Mobile Turkey Unit does Thanksgiving Day on a large scale; Johnson expects to cook 36 turkeys, 300 pounds of mashed potatoes and seven trays of stuffing. After so many years, assembly of the meals is down to a science.

"We're cleaned up and home by 10:30, 11 o'clock," Johnson said of volunteering on Thanksgiving Day.

The need in the community has also grown immensely. When they first started volunteering around a decade ago, Johnson recalled, about half as many meals were made as now.

Many people who receive a dinner personally get a phone call from South Whidbey resident Gwendine Norton, who takes care of all the meal orders. Recipients of past years get a postcard in the mail asking if they would like to receive a meal this year.

"It just makes you smile," she said of the messages she gets back from people.

If they don't answer, Norton follows up with a call to make sure the postcard didn't get lost in the mail.

"I've never actually met her, but we have good conversations," Greenbank resident Gary Hammer said.

For the past four years, Hammer has ordered meals for himself and his wife. The generous portions usually arrive, still warm, before noon on Thanksgiving Day.

"It's a better Thanksgiving dinner than I could ever make," he said with a laugh.

For people like the Hammers who aren't expecting a lot of company over the holiday, Mobile Turkey Unit provides a solution.

"It's a wonderful program and a real godsend of a service for a lot of people who are going to be alone on Thanksgiving but can get a turkey dinner," he said.

Terre Greenwood, who lives in the Langley area, has also had the opportunity to receive a meal during the years she wasn't able to volunteer.
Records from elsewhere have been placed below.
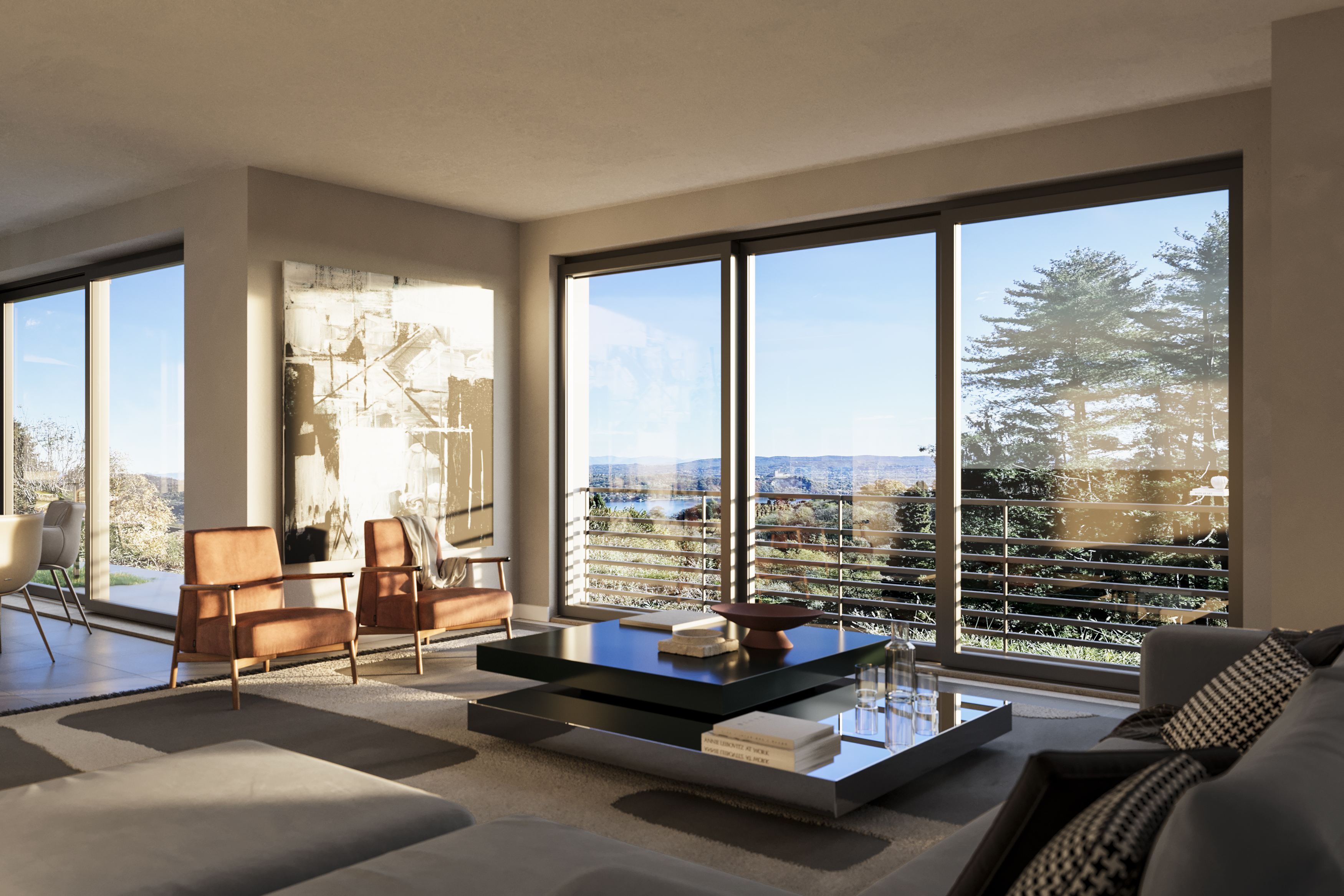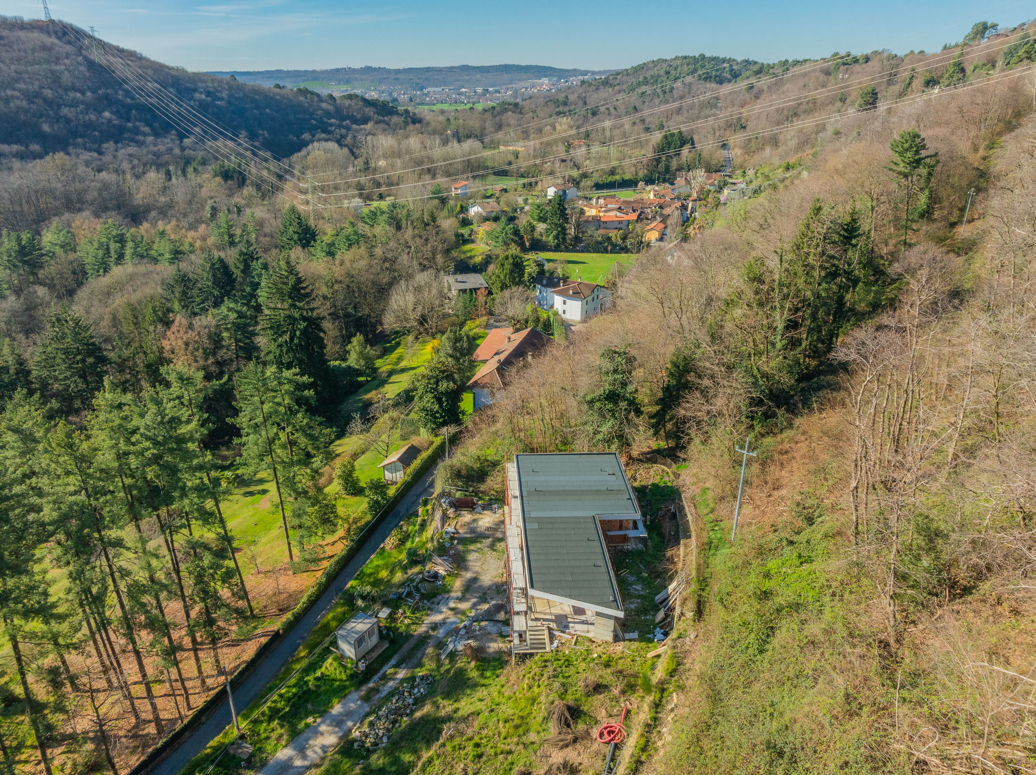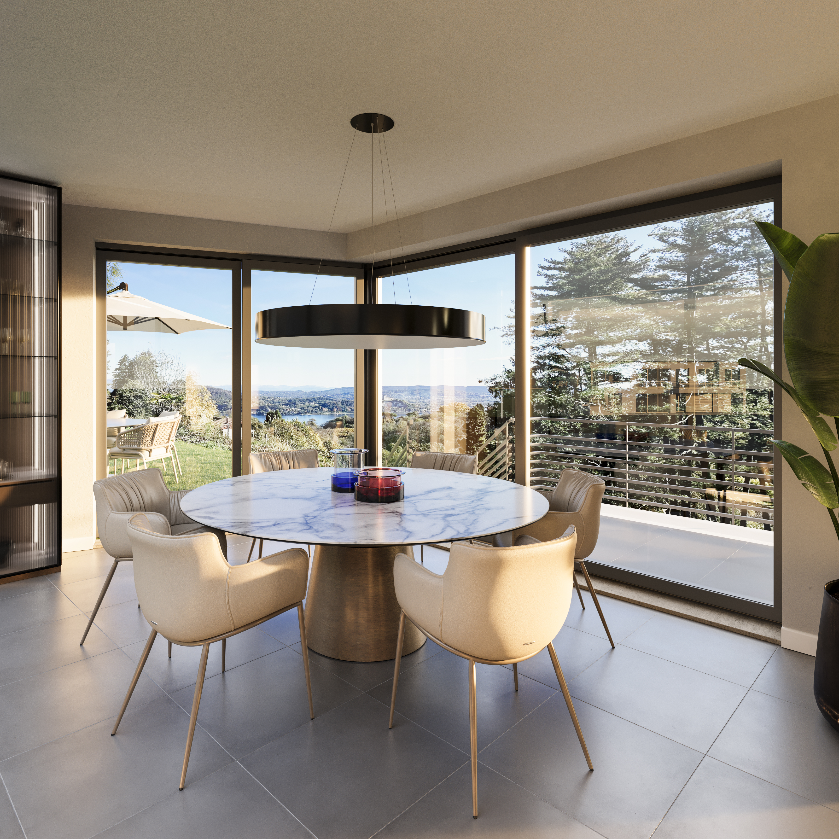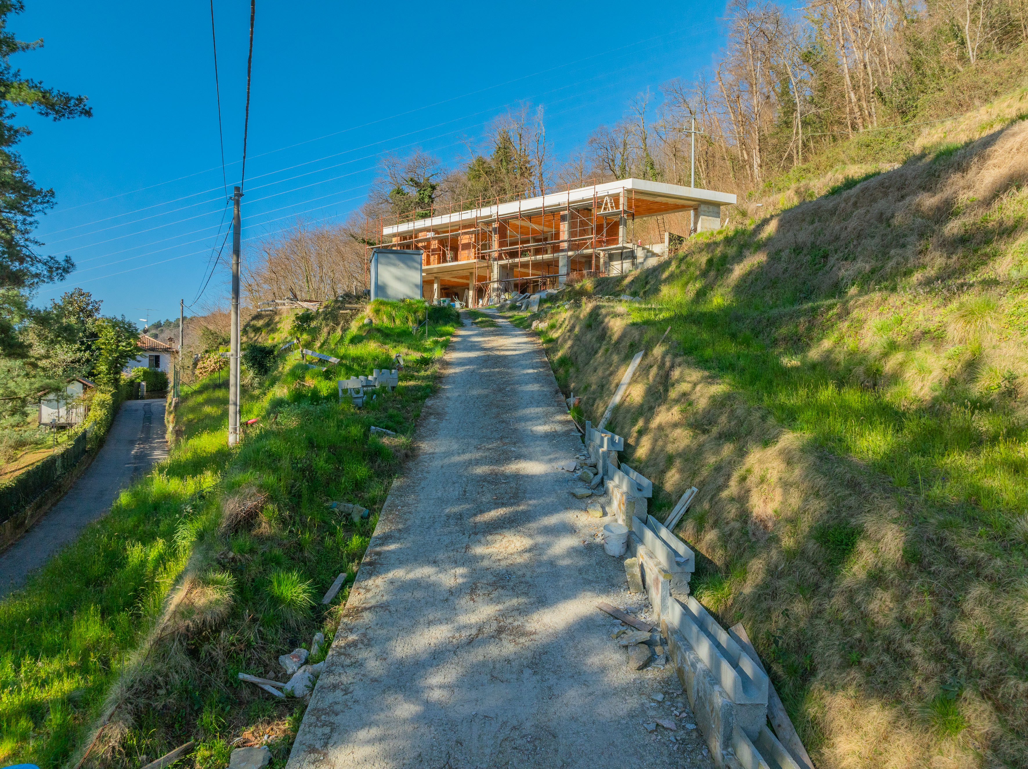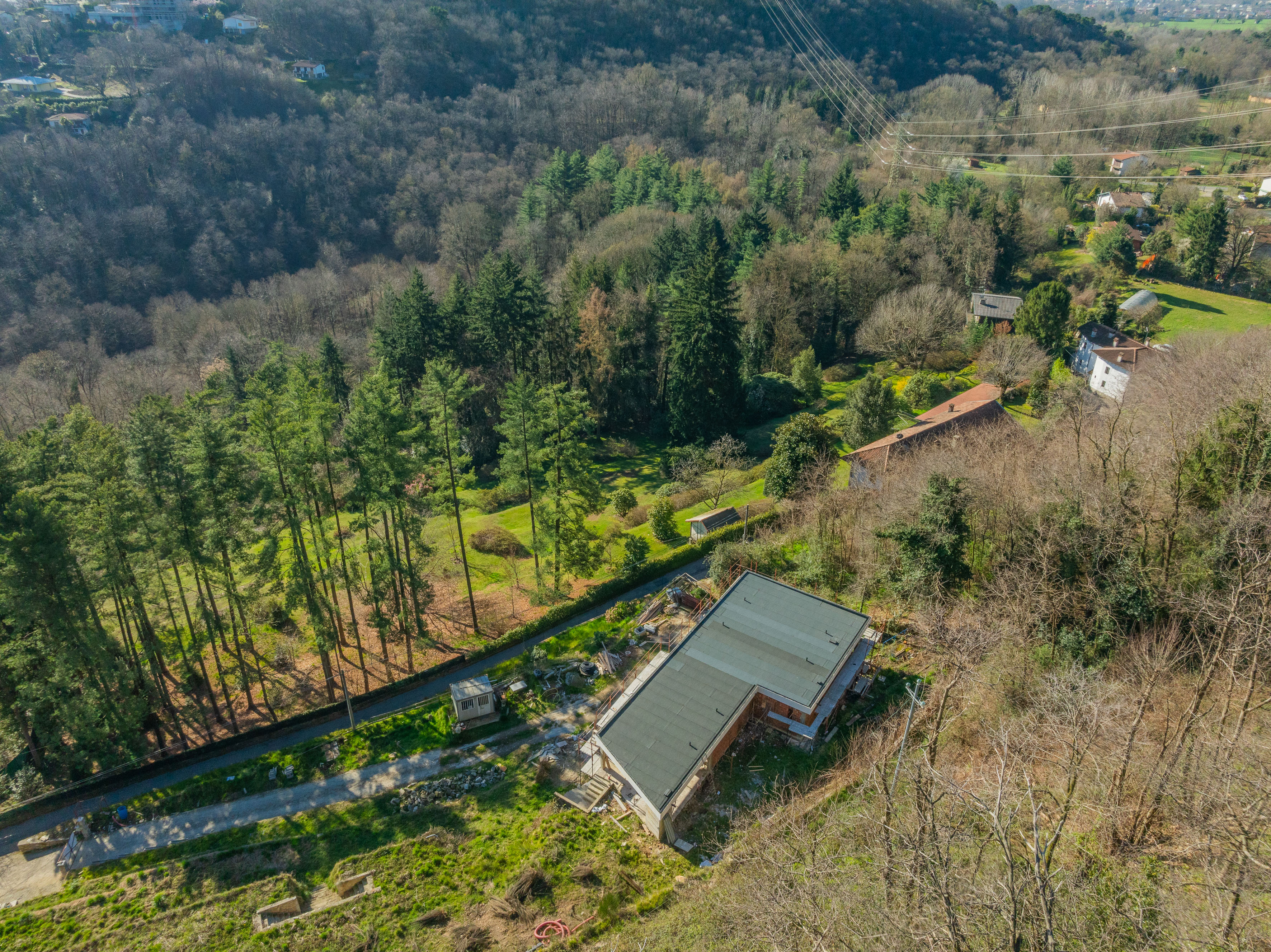 Le premier étage est consacré à la zone de vie, conçue comme un grand espace ouvert comprenant le salon, la salle à manger et la cuisine, tous dotés de portes-fenêtres donnant sur le lac, qui garantissent une luminosité extraordinaire et une continuité naturelle avec les espaces extérieurs. L'étage est complété par une salle de bains de service, la chambre principale avec salle de bains en suite et dressing, et deux autres chambres.
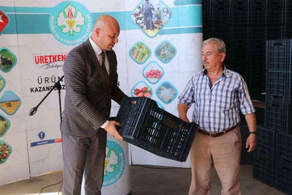 Manisa Büyükşehir Belediyesi, kırsalda bulunan üreticilerin gelirlerinin artması hayata geçirdiği proje kapsamında Sarıgöl ilçesinde 200 zeytin üreticisine 2 bin adet zeytin kasasını düzenlenen törenle dağıttı.
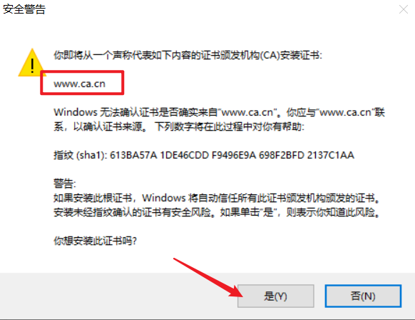 配置完成后使用nginx -s reload重新加载配置,让其生效,然后配置本地证书文件和hosts将第三步生成的CA服务器需要对外公开的证书文件cacert.pem复制到电脑本地,后缀名改为crt格式,然后双击安装证书,将其导入到电脑本地显示导入成功即可,由于www.mytest.cn这个域名没有在DNS域名服务商哪里注册,所以需要我们自己在hosts文件中添加域名解析地址,Windows电脑在C:\Windows\System32\drivers\etc下,先将hosts文件拖出来到桌面,然后修改添加如下内容在拖进去修改完成后就可以试着用https方式访问了,由于我使用了天翼云的ECS云主机,但是天翼云如果使用80或者443端口需要进行备案,所以我这里使用9443作为网页端口。这就是使用openssl工具自签发证书解决网页未使用https访问问题。
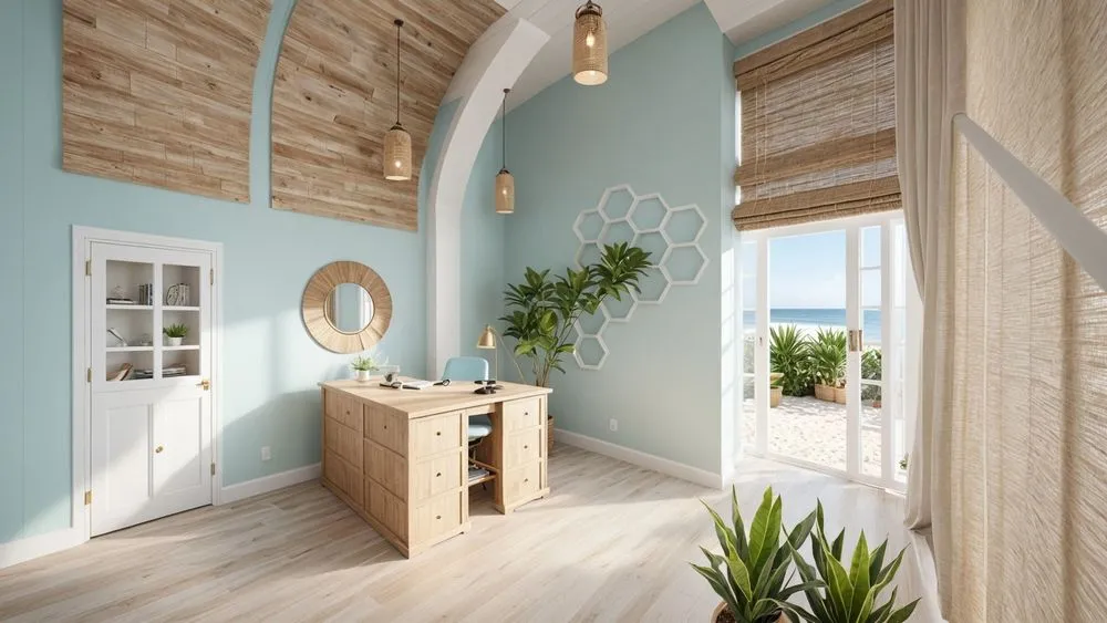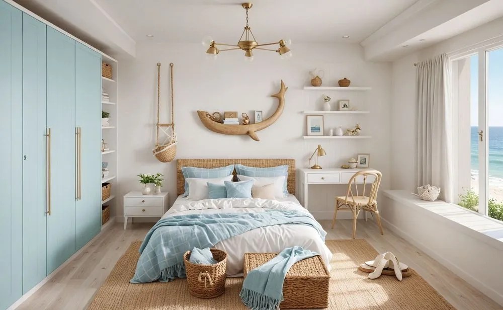 a boys'bedroom with blue walls, white shelves and a small desk with a toy basketball on it
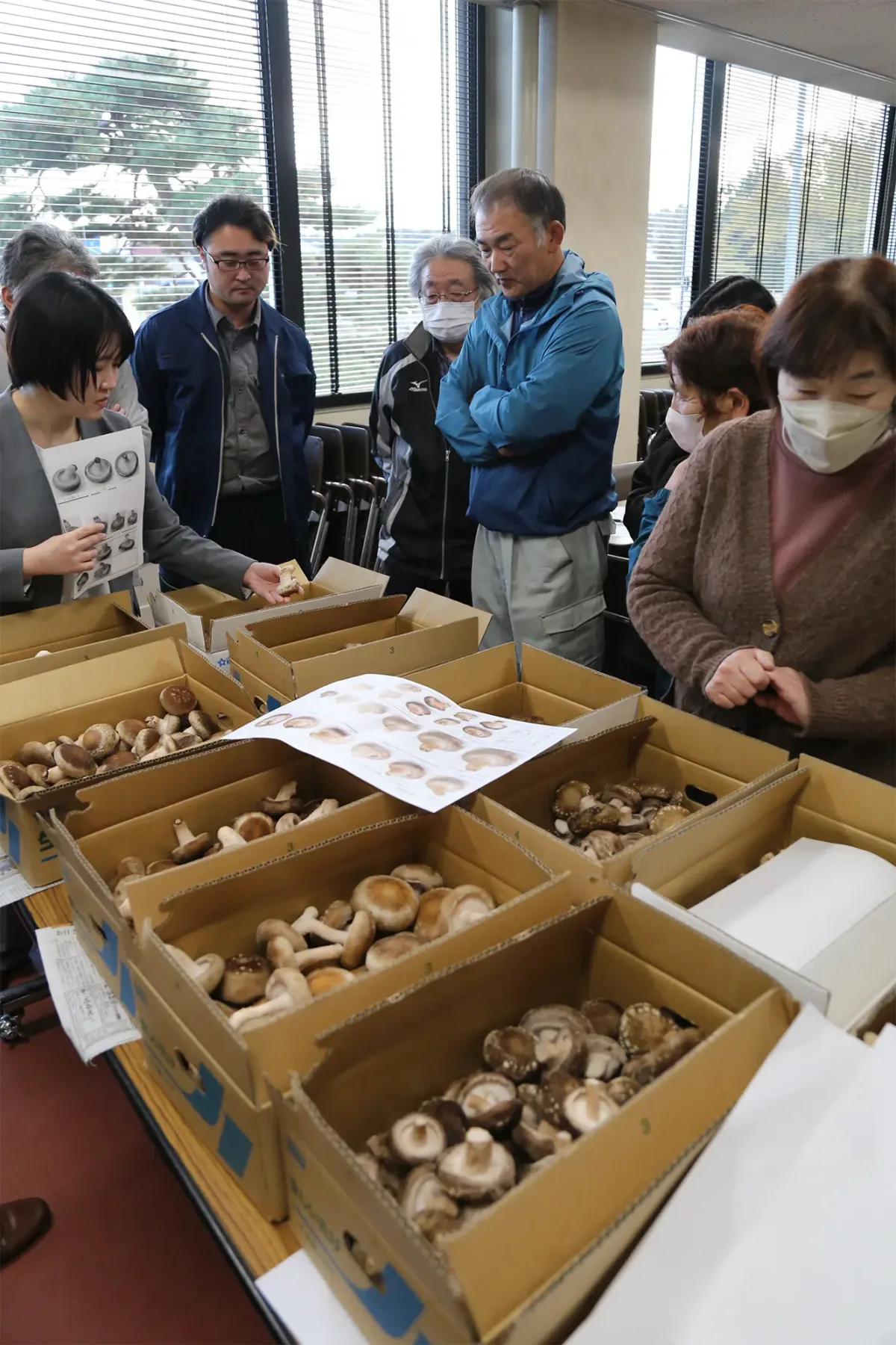 参加者は、かさの開きや水分の状態など、細かい規格を確認し、良品出荷に向けて意識を高めた。
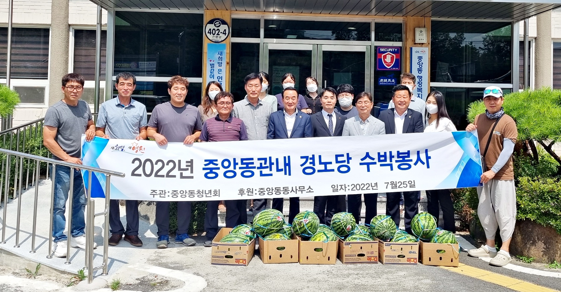 한창훈 청년회장은 “후덥지근한 날씨에 달달한 수박 드시고 건강하게 여름을 나셨으면 좋겠다. 앞으로도 중앙동 행정복지센터와 함께 행복한 중앙동 만들기에 앞장서겠다”고 말했다.
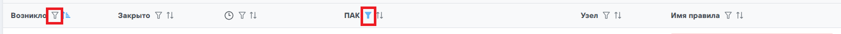 Список уведомлений может быть отфильтрован с помощью задания параметров фильтрации для любой колонки. Для этого необходимо нажать на иконку фильтра в заголовке колонки:
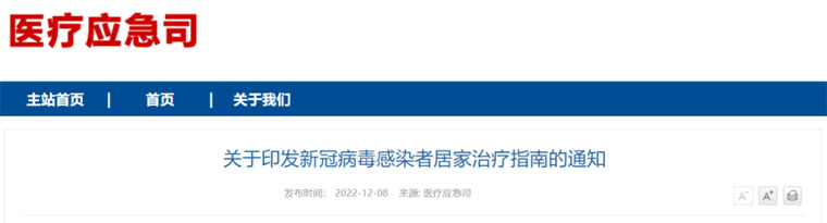 按照进一步优化落实疫情防控措施有关要求,为有效做好新冠病毒感染者居家治疗相关工作,切实维护人民群众生命安全和身体健康,我们组织制定了《新冠病毒感染者居家治疗指南》。现印发给你们,请参照执行。
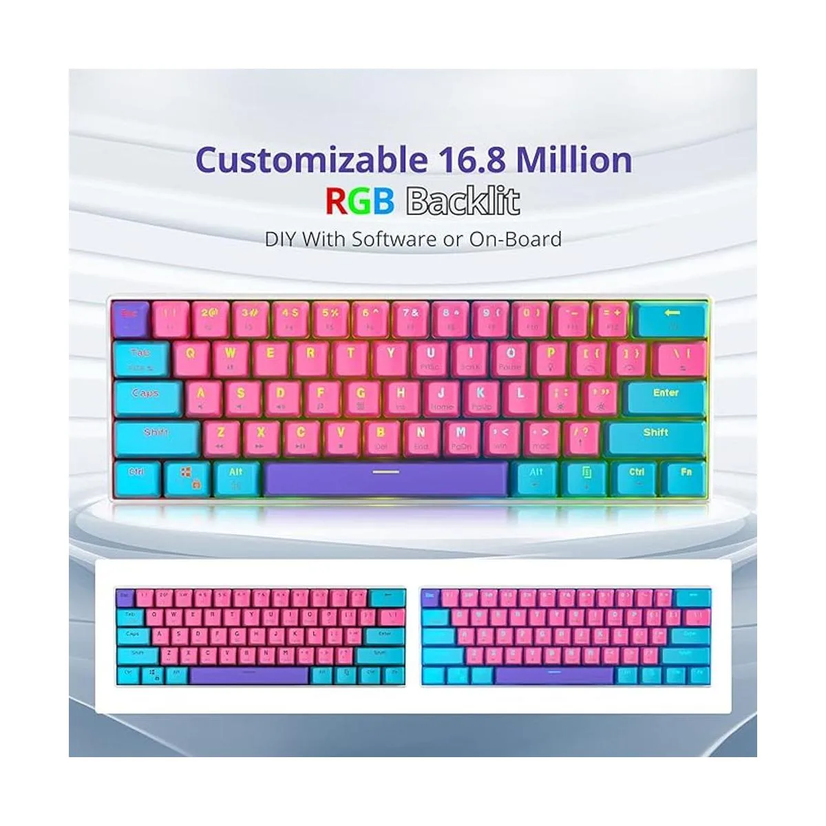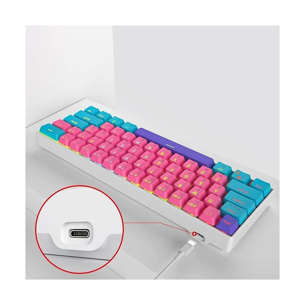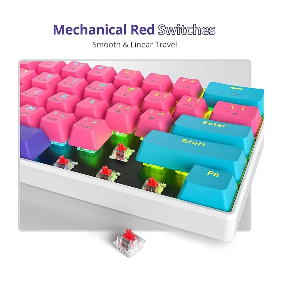 Fogruaden Teclado mecánico del 60 , teclado para juegos de 61 teclas, retroiluminación RGB, teclado con cable ultra compacto del 60 para jugadores de PC WinMac, fácil de llevar en viaje interruptor rosa, rojo

During one memorable year at home, her delivery drivers dressed up as turkeys.

"That was quite delightful," Greenwood said. "They were having so much fun."

She added, "They're good meals and I'm in my 70s that I've made enough turkey meals in my life that I appreciate not having to cook."

As a volunteer, Greenwood has cut a lot of pies and served more potatoes than she can count.

"It's such a well-oiled machine," she said of Mobile Turkey Unit. "Those who have organized it, it just gets better and better every year."

Meals must be ordered by 7 p.m. on Thursday, Nov. 21. Visit mobileturkeyunit.com/request-a-meal/ for more information. Questions can be directed to [email protected].

For those with no permanent address, meals will be given out at the Chevron Shortstop in Freeland and Mobil - Naomi's in Clinton.